• [Records from a collection]:

_____

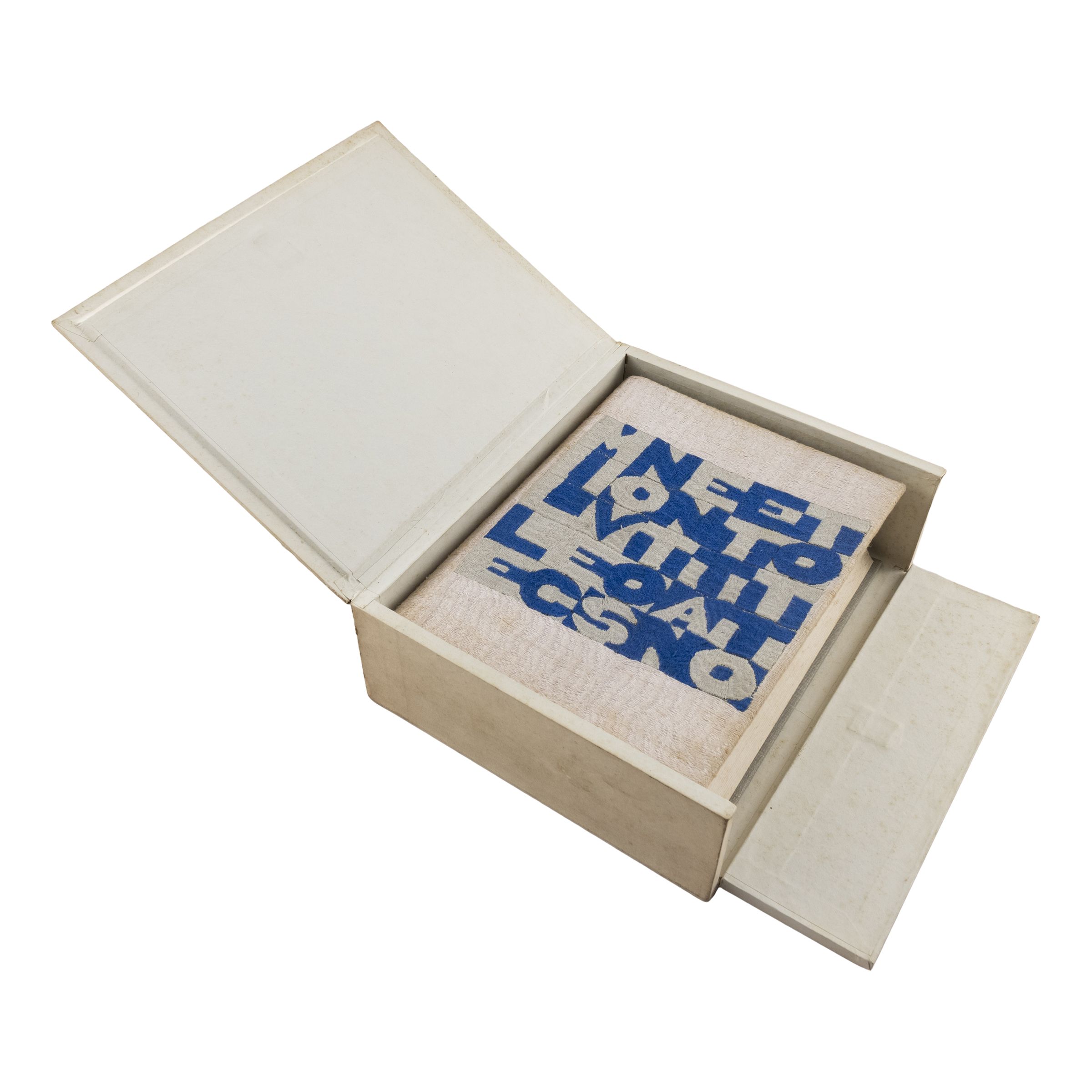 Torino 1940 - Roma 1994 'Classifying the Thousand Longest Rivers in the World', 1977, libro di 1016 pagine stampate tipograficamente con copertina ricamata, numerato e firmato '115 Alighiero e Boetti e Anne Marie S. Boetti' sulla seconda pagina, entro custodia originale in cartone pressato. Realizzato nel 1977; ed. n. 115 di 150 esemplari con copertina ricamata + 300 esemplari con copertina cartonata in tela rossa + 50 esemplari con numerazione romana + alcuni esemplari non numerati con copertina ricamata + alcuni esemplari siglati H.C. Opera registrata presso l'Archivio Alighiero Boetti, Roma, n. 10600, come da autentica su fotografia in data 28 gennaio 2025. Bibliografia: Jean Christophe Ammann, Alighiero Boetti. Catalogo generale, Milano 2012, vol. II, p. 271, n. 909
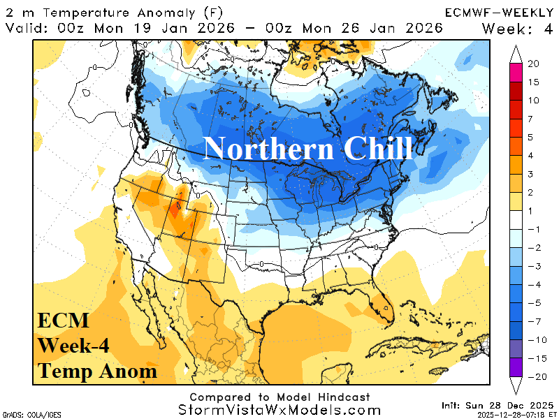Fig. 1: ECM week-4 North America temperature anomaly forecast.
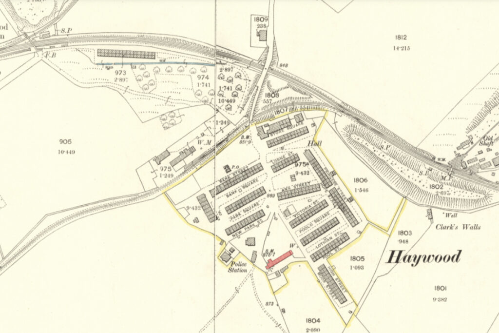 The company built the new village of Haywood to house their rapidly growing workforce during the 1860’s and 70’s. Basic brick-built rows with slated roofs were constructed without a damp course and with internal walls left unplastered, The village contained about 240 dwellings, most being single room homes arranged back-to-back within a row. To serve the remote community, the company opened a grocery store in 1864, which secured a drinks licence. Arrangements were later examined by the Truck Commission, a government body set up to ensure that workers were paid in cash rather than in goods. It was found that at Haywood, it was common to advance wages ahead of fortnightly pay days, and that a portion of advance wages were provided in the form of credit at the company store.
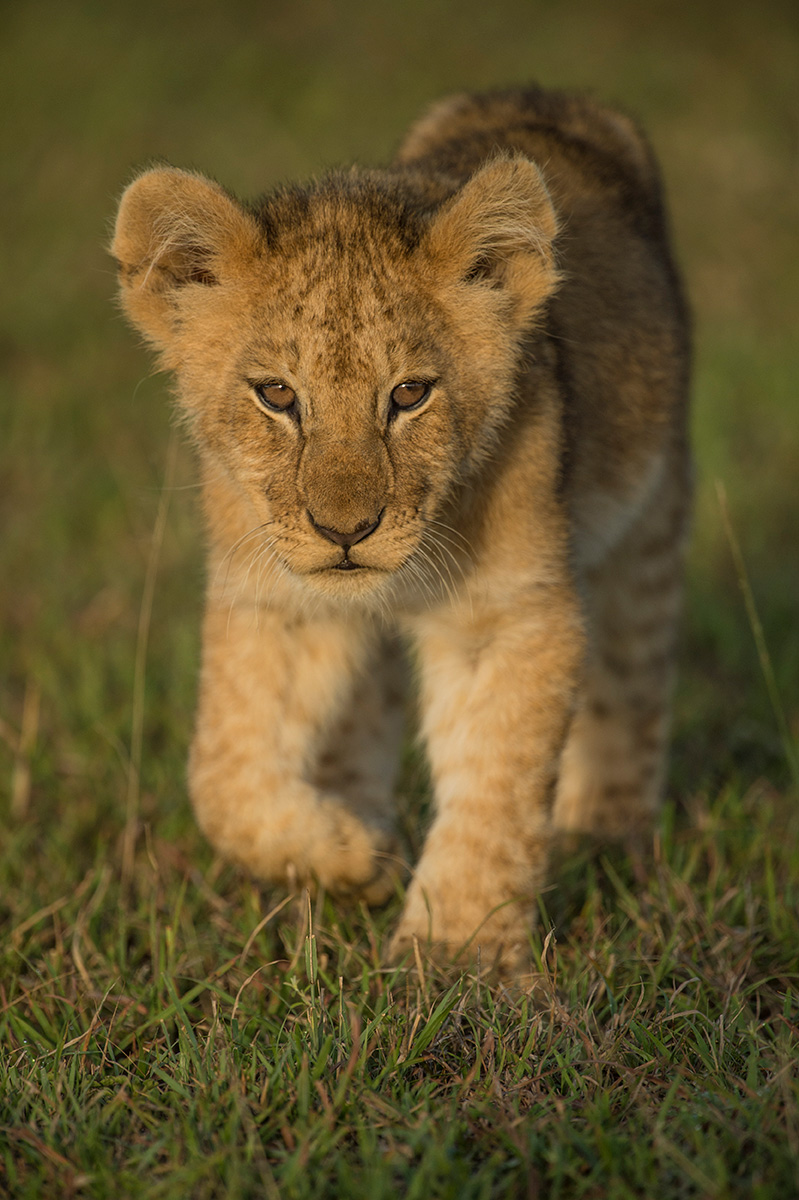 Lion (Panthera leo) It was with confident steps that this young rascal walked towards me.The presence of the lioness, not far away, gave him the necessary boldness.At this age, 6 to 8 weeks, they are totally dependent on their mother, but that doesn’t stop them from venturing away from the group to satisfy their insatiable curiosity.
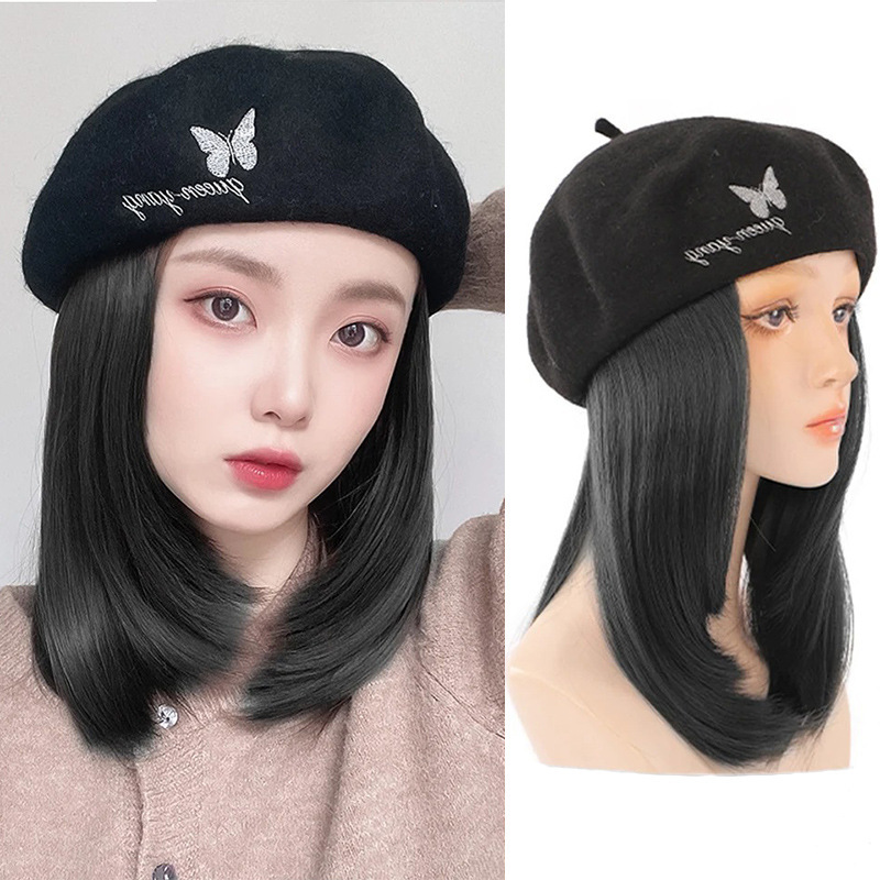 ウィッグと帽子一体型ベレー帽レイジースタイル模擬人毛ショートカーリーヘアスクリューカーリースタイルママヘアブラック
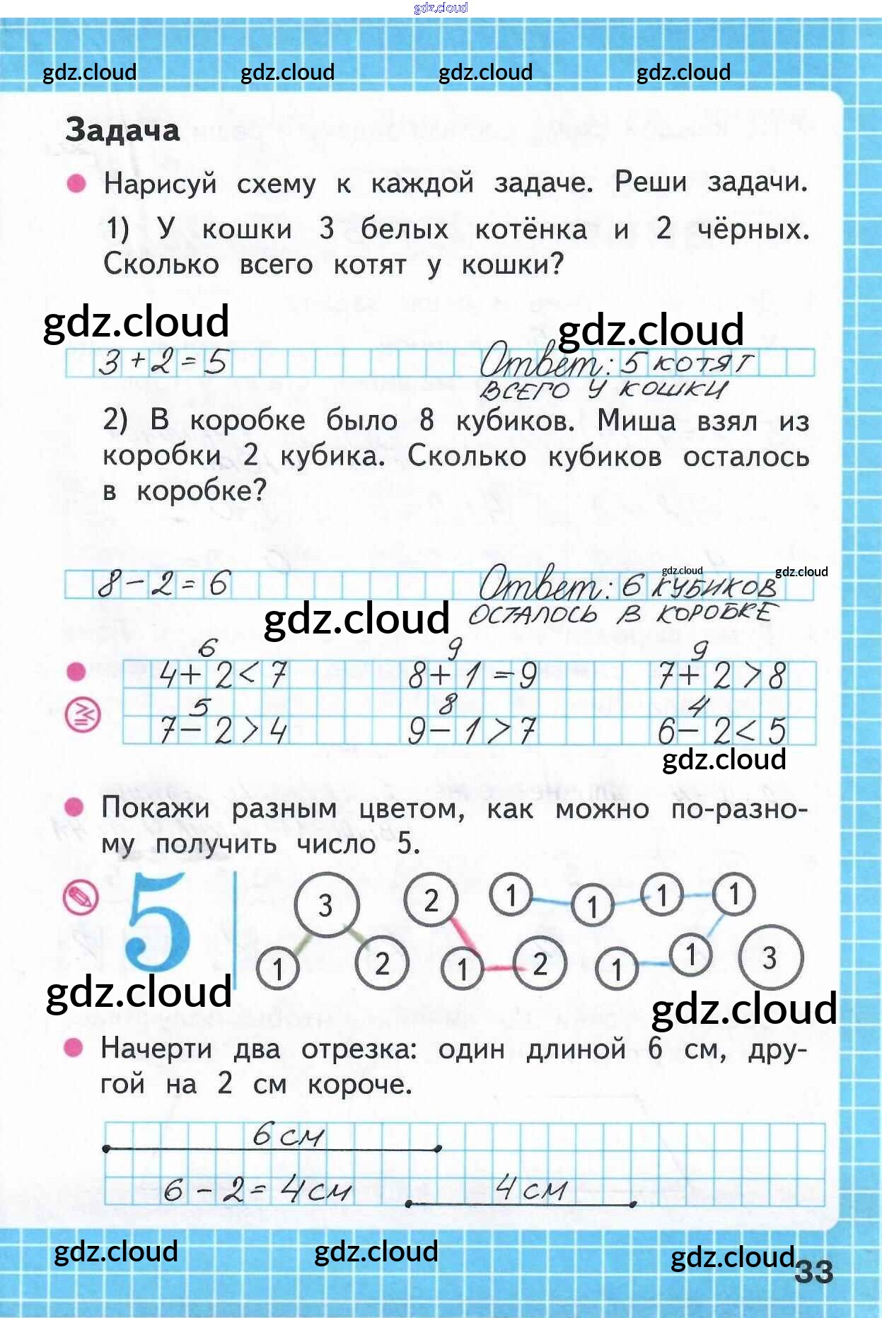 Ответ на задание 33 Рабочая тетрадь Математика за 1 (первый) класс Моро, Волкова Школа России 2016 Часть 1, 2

_____

• [Your instructions]:
Please reproduce, word for word, every line from the first line of the records above through the line containing "Fig. 1: ECM", and leave out the pictures.

• [Solution]:
 Torino 1940 - Roma 1994 'Classifying the Thousand Longest Rivers in the World', 1977, libro di 1016 pagine stampate tipograficamente con copertina ricamata, numerato e firmato '115 Alighiero e Boetti e Anne Marie S. Boetti' sulla seconda pagina, entro custodia originale in cartone pressato. Realizzato nel 1977; ed. n. 115 di 150 esemplari con copertina ricamata + 300 esemplari con copertina cartonata in tela rossa + 50 esemplari con numerazione romana + alcuni esemplari non numerati con copertina ricamata + alcuni esemplari siglati H.C. Opera registrata presso l'Archivio Alighiero Boetti, Roma, n. 10600, come da autentica su fotografia in data 28 gennaio 2025. Bibliografia: Jean Christophe Ammann, Alighiero Boetti. Catalogo generale, Milano 2012, vol. II, p. 271, n. 909
Fig. 1: ECM week-4 North America temperature anomaly forecast.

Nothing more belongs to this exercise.